Asylum and Immigration Tribunal



Senior Immigration Judge Chalkley

Senior Immigration Judge A Jordan

Mrs M L Roe

The Secretary of State for the Home Department

For the Appellant: Ms P Chandran of Counsel instructed by Wilson & Co

For the Respondent: Mr E Tufan, Home Office Presenting Officer

PO (Trafficked Women) Nigeria CG

  • (1) In general terms, women and girls in Nigeria do not face a real risk of serious harm from human traffickers, but the risk is heightened for females under 40 years of age living in suburban areas with a poor level of education. However, where it can be shown that an individual does face a real risk of being forced or coerced into prostitution by traffickers, the issue of whether she will be able to access effective protection from the authorities will need to be carefully considered in the light of background evidence.

  • (2) There is in general no real risk of a trafficking victim being re-trafficked on return to Nigeria unless it is established that those responsible for the victim's initial trafficking formed part of a gang whose members were to share in the victim's earnings or a proportion of the victim's target earnings in circumstances where the victim fails to earn those target earnings. It is essential that the circumstances surrounding the victim's initial trafficking are carefully examined.

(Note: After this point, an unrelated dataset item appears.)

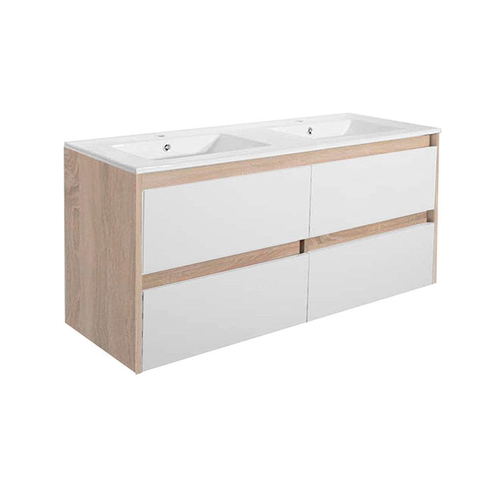 A csomag része a bútorra tökéletesen illeszkedő, fehér színű, dupla medencés kerámia mosdó is, amely két csaptelep számára kialakított hellyel rendelkezik. Így nem kell külön keresgélned hozzá megfelelő mosdót – a csomag mindent tartalmaz, amire a használathoz szükséged van (kivéve a csaptelepeket).

The appellant is female, a citizen of Nigeria and was born on 5 th July, 1979. She appeals against the decision of the respondent, taken on 19 th April, 2005, to direct her removal as an illegal entrant.

Immigration history

This appeal has a lengthy history. The appellant entered the United Kingdom on 10 th January, 2005, and claimed asylum on 1 st April, 2005. The appellant travelled to the United Kingdom with a “Mr Osagie” who, unbeknown to the appellant at the time, brought the appellant to the United Kingdom for the purposes of working as a prostitute. Mr Osagie retained the appellant's passport, which he had obtained in her name and which included a visa for the United Kingdom. She is an orphan who had been cared for by her aunt “Becky” for whom she had worked since the age of 12, selling water in her home city, Benin City, Edo State.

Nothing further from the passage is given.